▶ **Problem statement**: Without copying any picture, transcribe exactly the lines of the data below from the one containing "24 of February 2015" through the one containing "Members of the".

▶ **Recorded data**:
· · · · ·

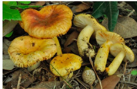
Russula messapica – Mediterrane Russula vinosobrunea -Gruppe. Foto Luciano MICHELIN; seltene und auffallend gelbende Art. Epikutisstruktur mit sehr kompliziertem Aufbau.
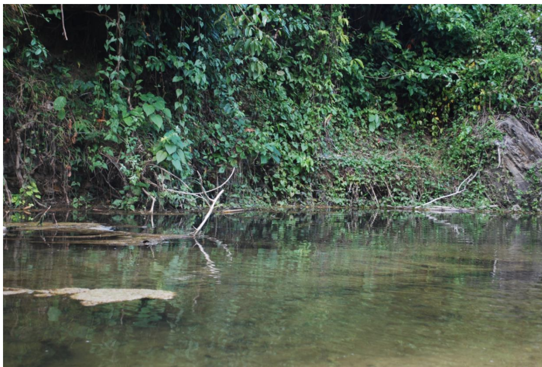
FIGURE 5. Heirok River, type locality and habitat of Devarioheirokensis .
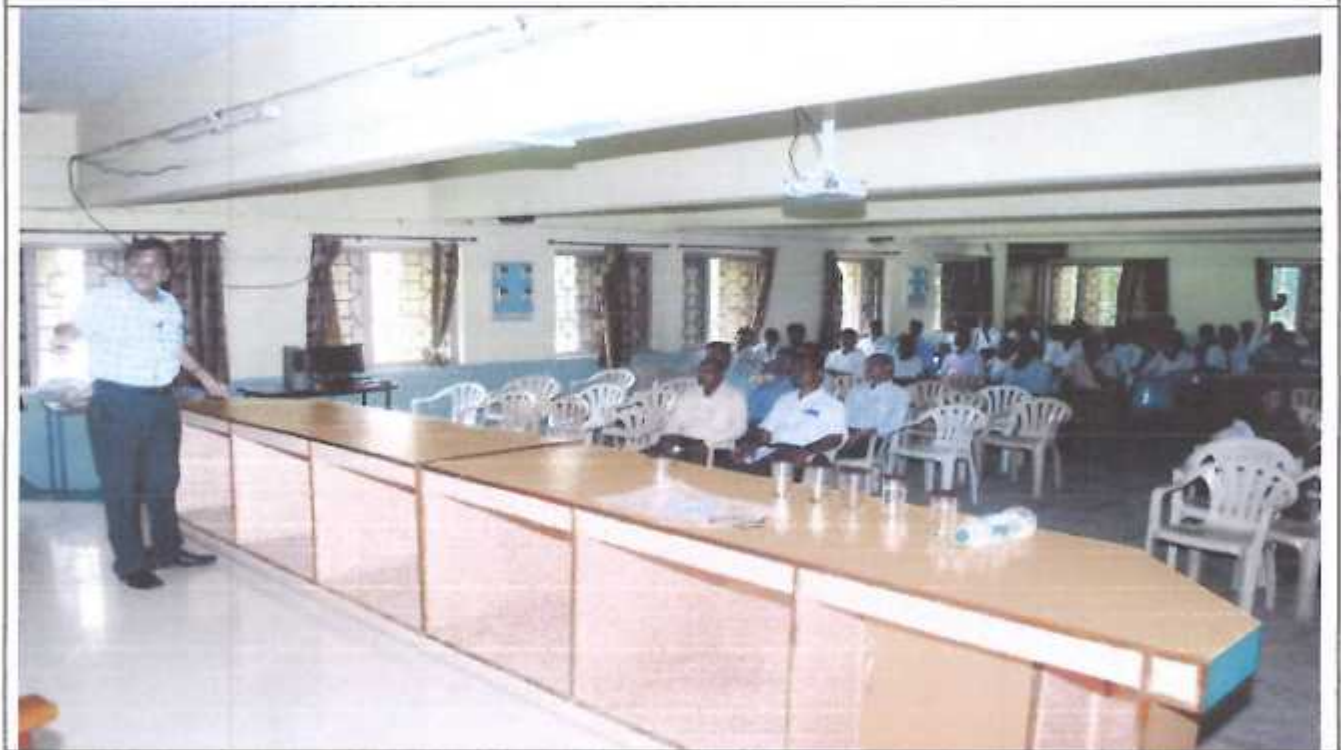
Coordinator Competitive Examination Committee
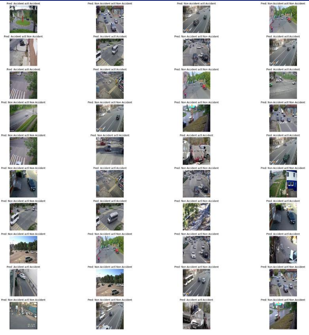
Fig5. Outcome of the Research

By presenting the accuracy percentage in a clear and understandable manner, the system empowers users to make informed decisions based on the level of confidence in the detection results. Such a user-friendly interface enhances the accessibility and usability of the system, catering to a wide range of users with varying levels of technical expertise. Ultimately, this real-time detection capability not only streamlines the accident detection process but also contributes significantly to bolstering road safety measures, thereby fostering a safer and more secure transportation environment for all road users.
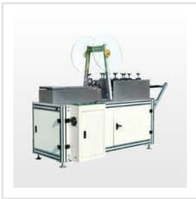
Automatic Ultrasonic Tie-On Mask Ear-Loop
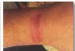
24 of February 2015
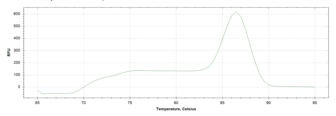
Melt curve analysis of above amplification
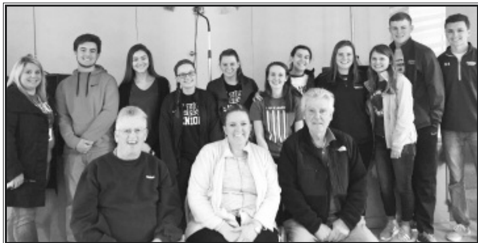
Members of the Lion's Club and Pay It Forward Club preparing for the Spring Fling Dance

The Lions Club is based out of the Lion's Hall, also seeking the same goals as the Pay It Forward club. Lion's Club International was founded back in 1917 in Oak Brook, Illinois by
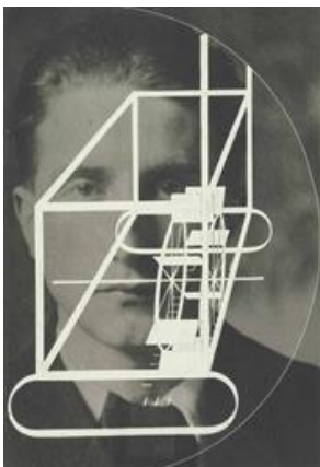
Man Ray (1890–1976), Marcel Duchamp and his 'Glider Containing a Water Mill in Neighboring Metals', c. 1923 . (estimate: $50,000 - 70,000)
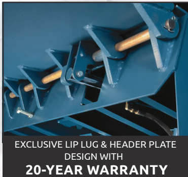
EXCLUSIVE LIP LUG & HEADER PLATE DESIGN WITH 20-YEAR WARRANTY
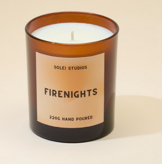
Firenights (amber) Hay, Amber, Honey, Musk, Nutmeg
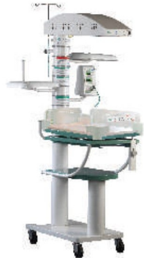
JEEVAK Servo Open Care Incubator
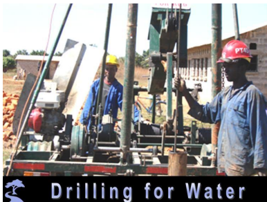
Drilling for Water
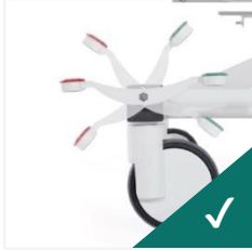
Central Brake Castors 150mm
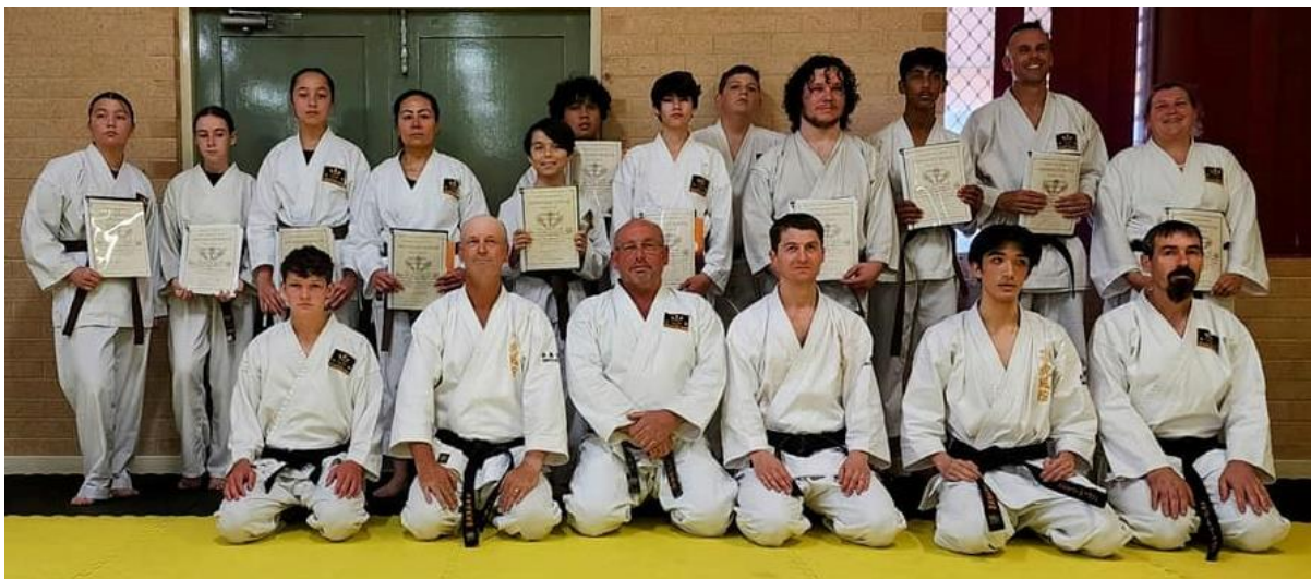
Panel grading in Perth, December 2024
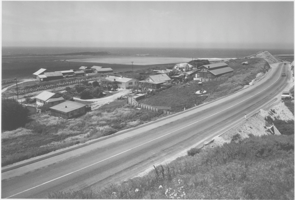
The Thomas Majors Ranch On Highway 1 (5500 coast Road)
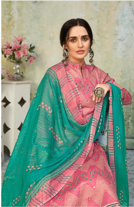
Design brings flashy patterns on filmy fabric simplest style into something worthwhile.
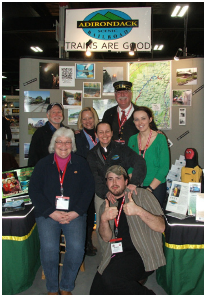
The Adirondack Scenic Railroad was one of many tourist railroads and museums exhibiting at the show. The 2015 Key, Lock & Lantern Convention will include a rare mileage excursion on this line from Utica to Boonville, New York.
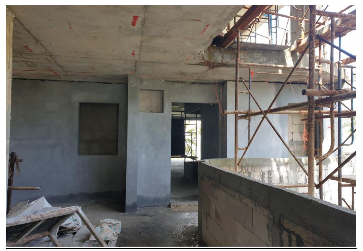
7101 from opposite guest lift lobby

· · · · ·

▶ **Solution to the exercise**:
24 of February 2015
Melt curve analysis of above amplification
Members of the Lion's Club and Pay It Forward Club preparing for the Spring Fling Dance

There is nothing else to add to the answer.